Once, a man convinced me that he could fly. This is not to say that I believed in magic or superheros or angels. This is to say that I believed there was something about the man I knew as Big Rudy. Something that held him to a different standard, a completely different set of parameters.
Our feet would just touch the landing, turning to race up the second half of stairs to the second floor. Above us, we saw Rudy's feet hit the floor, heard the thump of his weight at the top of the stairs. He looked at us wide-eyed. You guys didn't see anything did you? We felt our own eyes widen, feel like they would fall from our heads that shook silently. Okay, good. And he would go back to his work.

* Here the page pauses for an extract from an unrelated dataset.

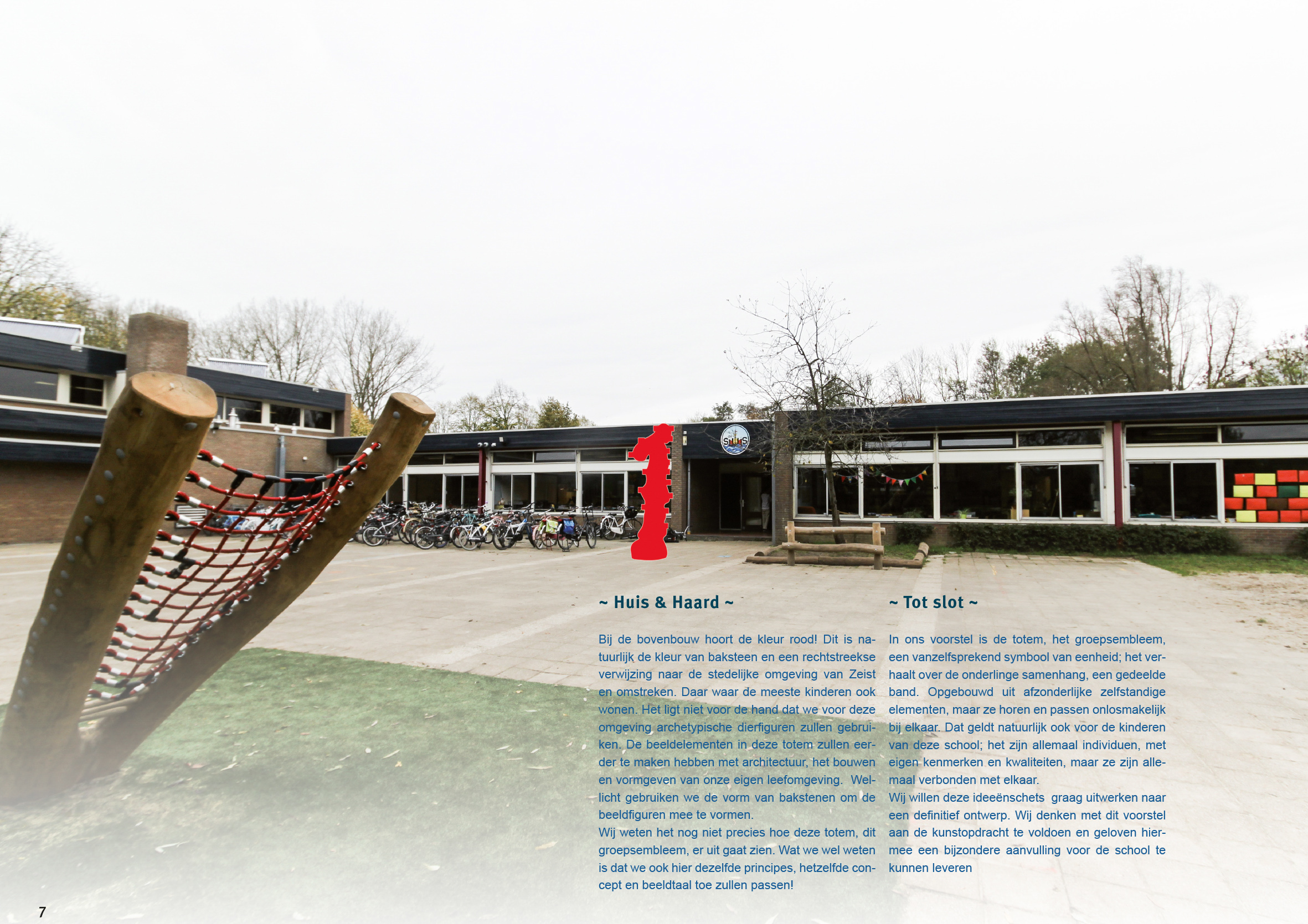 Onderbouw, Middenbouw en Bovenbouw zijn binnen de school duidelijk onderscheiden groepen, zij hebben niet alleen hun eigen ingang, maar er is ook een duidelijk verschil in fase en inhoud binnen het onderwijs! De school zelf heeft om dat onderscheid aan te geven een kleurstelling gekozen. Die kleurstelling is, voor zover wij hebben kunnen zien, vooral binnen het schoolgebouw uitgewerkt. De kleurstelling is groen voor de Onderbouw, blauw voor de Middenbouw en rood voor de Bovenbouw. De kleuren refereren aan de directe omgeving van de school. Het groen refereert aan de bosrijke omgeving van de Utrechtse Heuvelrug, het blauw aan het stroomdal van de Kromme Rijn en het rood aan de stedelijke omgeving van Zeist zelf. De sculpturale vertaling van die Totem en de elementen die we voor het groepsembleem gebruiken, komen rechtstreeks voort uit datgene waar de kleuren naar verwijzen. Dit gaat over de directe omgeving waar deze kinderen opgroeien. Als we iconische elementen uit die omgeving naar het schoolplein halen, dan geven we dat status en waardering. Die kijk op de omgeving krijgt hiermee een visuele verankering in tijd en ruimte.

We didn't immediately question this, and I don't know at what point the idea was solidified. If Rudy was left alone, he simply couldn't keep his on the floor. He couldn't stop himself from flying.
Dominic, Rudy's son, was one of my first and, until leaving for college, one of my best friends. His family made me believe that we were soul mates. I was meant to be with their family, drinking hot chocolate and eating chicken noodle soup with mashed potatoes by the big fireplace, going on weekend trips to movies. Before school started and Dominic could be embarrassed by it, he played with Barbies.
In between moving Barbie to from her studio apartment on the couch to her penthouse in his sister's room, we would be distracted by Big Rudy's magic show. We watched as he practiced, tricking and frustrating us. When Big Rudy brought the show to school, our friends asked how he did it, how does he know? We smiled, convincing them that we understood.
We didn't. I still don't, but of course Rudy did. Because this was what he did, mastering skills that made people happy. Hugging. Laughing. Story-sharing. Magic-tricking. This was his real power. We all believed that with Big Rudy, it was all possible; we were all possible. We could fly, if wanted. You just let your feet come off of the ground. You just let it happen.
When my mother told me yesterday that Rudy, who I admittedly haven't seen for years, died yesterday, it was the image of his landing that came back to me first. I imagined the flying that came before this and again accepted it as something quite possible. I was heartbroken, for the selfish reasons one is always heartbroken, and then I was thankful. I was one of the lucky ones. The ones that got to learn first hand that flying is possible.